:: Material for this exercise
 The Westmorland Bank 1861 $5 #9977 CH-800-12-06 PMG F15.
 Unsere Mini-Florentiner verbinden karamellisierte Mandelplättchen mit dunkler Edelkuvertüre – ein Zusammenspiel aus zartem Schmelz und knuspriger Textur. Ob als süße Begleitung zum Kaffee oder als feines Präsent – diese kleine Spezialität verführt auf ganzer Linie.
::::
:: Material for this exercise
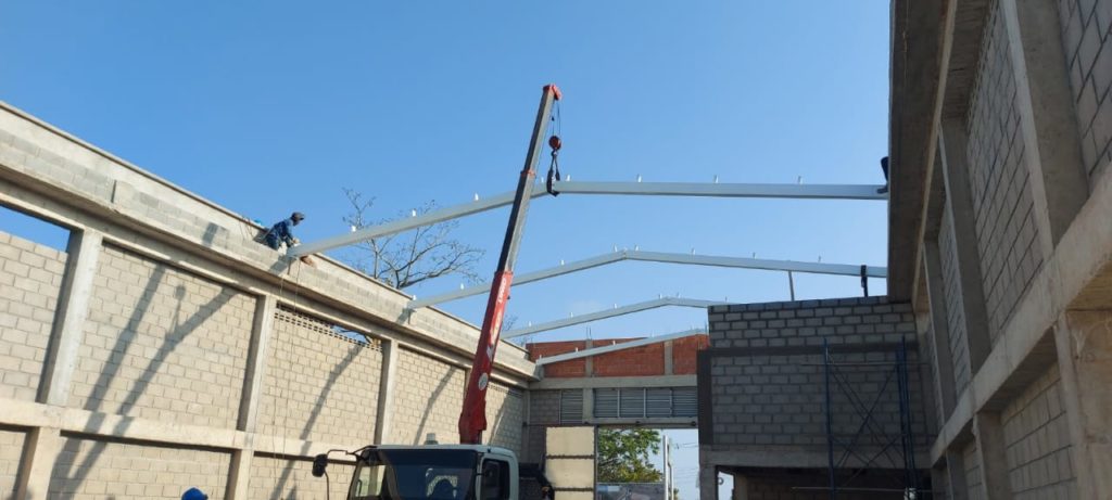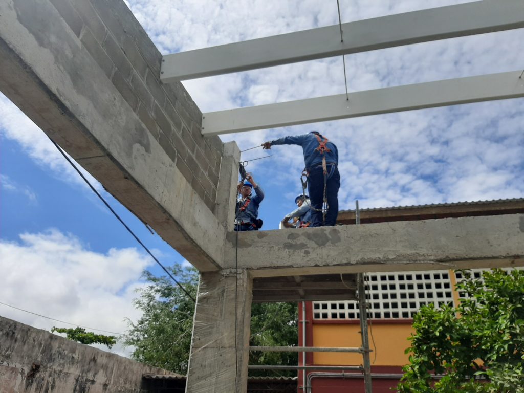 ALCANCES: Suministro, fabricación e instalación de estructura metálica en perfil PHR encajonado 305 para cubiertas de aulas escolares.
::::
Work item: Above are the entries. Quote exactly the lines from the one bearing "The Westmorland Bank" through the one bearing "Unsere Mini-Florentiner verbinden".

Result of this exercise:
 The Westmorland Bank 1861 $5 #9977 CH-800-12-06 PMG F15.
 Unsere Mini-Florentiner verbinden karamellisierte Mandelplättchen mit dunkler Edelkuvertüre – ein Zusammenspiel aus zartem Schmelz und knuspriger Textur. Ob als süße Begleitung zum Kaffee oder als feines Präsent – diese kleine Spezialität verführt auf ganzer Linie.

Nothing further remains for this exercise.